Para apretarle los nudos que la sujetaban a mí, le repetía a Tracy justo lo contrario de lo que pretendía que pensara: que un viejo como yo solo era un episodio en su vida y que no debía tomarme en serio. Como hago con todas mis chicas, se la presenté a mis mejores amigos, Yale y Emily, y varias veces salimos los cuatro. Gracias a que Emily prefiere no enterarse de las infidelidades de él, pasan por ser la pareja más estable de mi círculo. El último ligue de Yale era Mary, una atractiva periodista divorciada. Coincidimos en una exposición y me cayó peor que Mozart a Salieri. En todo me llevaba la contraria y cuando defendió con sus tecnicismos la única pieza que a mí me había disgustado, me sentí tan frígido y derrotado como Hitler en el invierno soviético.

Sin embargo días después Mary y yo coincidimos en una fiesta y ya me pareció encantadora, una ecuación de belleza e inteligencia cuya incógnita yo despejaría mucho más rápido que Yale.

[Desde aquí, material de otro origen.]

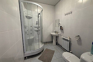 Наш номер оказался без своей ванной комнате. На фото номера она была и поэтому я не сильно присматривался к разделу "удобства в номере". К тому же площадь 30 кв.м. - вроде как хватает для своего туалета. Ну и по фото не заметил некоторые особенности номера. Не понимал, почему так недорого 4-местный номер стандарт. Оказалось, что наш номер в другом здании, где размещались процедурные кабинеты и, как я потом выяснил по фото в интернете, это тоже был процедурный кабинет. Его даже не переделали, а просто убрали перегородки. На стенах - кафель, на полу - старый линолеум со следами перегородок. Мебель простая, но новая, матрасы и белье новые, свежие, чистые. На окнах маскитные сетки. Плюс запах лизола в номере - не проветрился. В коридоре старый облезлый ламинат и какая-то подсобка по пути в общий туалет/ванную. Фото прилагаю. Попросил показать номера в основном здании - там намного лучше, особенно в номерах повышенной комфортности. Но свободных номеров не было, поэтому пришлось ночевать в том , что забронировали. Ну ы и не собирались сидеть в отеле - на природу приехали, ну и в бассейне покупались. Еще сходили в соляную комнату и приняли серные ванны на пробу.
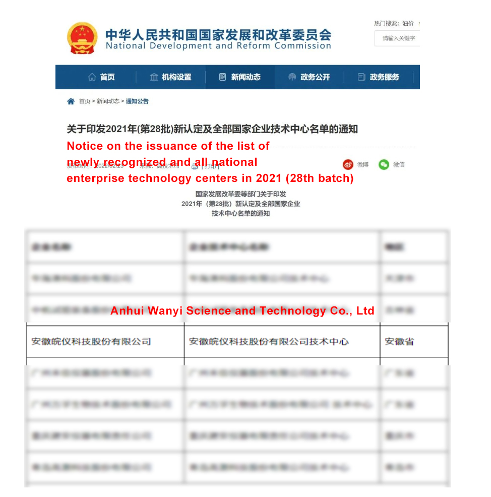 On December 27, 2021, National Development and Reform Commission, Ministry of Science and Technology of the People’s Republic of China, Ministry of Finance of the People's Republic of China, General Administration of Customs of the People’s Republic of China and State Taxation Administration released the "Proposed List of National Enterprise Technology Centers to be Recognized in 2021 (28th Batch)", in this batch of proposed list, only four National Enterprise Technology Centers were newly in Anhui Province, and Anhui Wanyi Science and Technology Co., Ltd was on the list.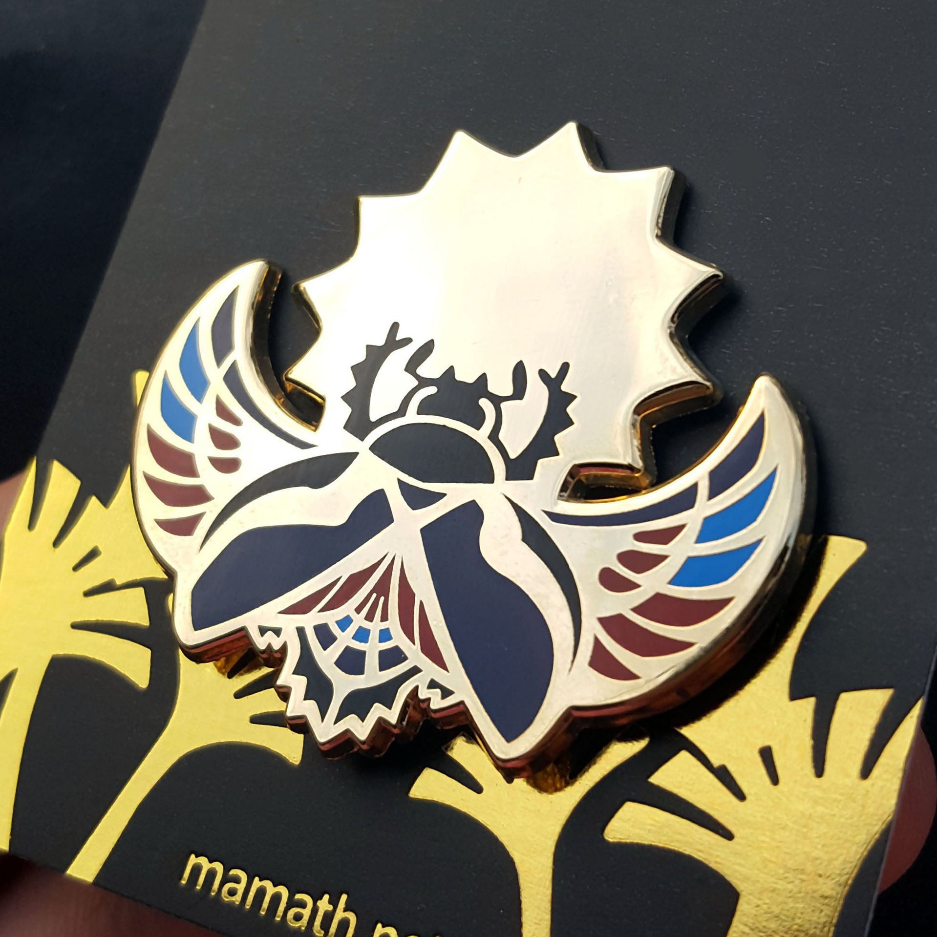 God of creation and the morning sun. Khepri was often depicted as a scarab beetle holding the sun. A hard enamel pin of the ancient Egyptian deity, Khepri - Tiny Pantheon style! Measures 40mm (approx 1.6 inches) in height and features 2 posts on the back so that it remains in place wherever you pin it!

Pudo hablar de Bergman durante casi media copa. Nuestras discrepancias nos hicieron congeniar, incluso la acompañé a pasear a su perro salchicha y a través de las avenidas de la noche le estuve hablando de mi novela hasta el amanecer. Inspirado por ella y por las calles en blanco y negro más amadas por el cine, me expresaba con una lucidez que me hizo lamentar no llevar una libreta para acabar de escribirla en cualquier banco.

Con lo que me gustan los melodramas –sobre todo si son de Douglas Sirk-, al día siguiente telefoneé a Yale por si había dejado de querer a Mary. En todo caso ella no quería prolongar una relación con un hombre casado; no le gustan los líos: es de Filadelfia. Mary yo salimos otro día. Sorprendidos por una tormenta, nos refugiamos en el Planetario y ataviada de lluvia la encontré tan atractiva que la hubiera tendido sobre cualquier cráter como un alienígena pervertido. Por supuesto no le hablé de Tracy. Para librarme de ésta la animé a irse a Londres a estudiar Arte Dramático; yo no podría acompañarla porque soy alérgico al té y me dan vértigo los autobuses de dos plantas.

Ahora hasta Yale, que no quiere hacer daño a su esposa, me anima a salir con Mary. Reconozco que ella tiene el equilibrio emocional de Silvia Plath, pero la quiero. Me pregunto qué pasará cuando les presente a Mary a Yale y Emily, para salir los cuatro igual que con mis anteriores parejas. Esto se parece cada vez más a una película de Woody Allen; este tipo de cosas solo pueden pasar en la la ciudad que soy y amo, Nueva York, y sobre todo en esta tramoya de mis tramas y traumas que es Manhattan, Manhattan, Manhattan.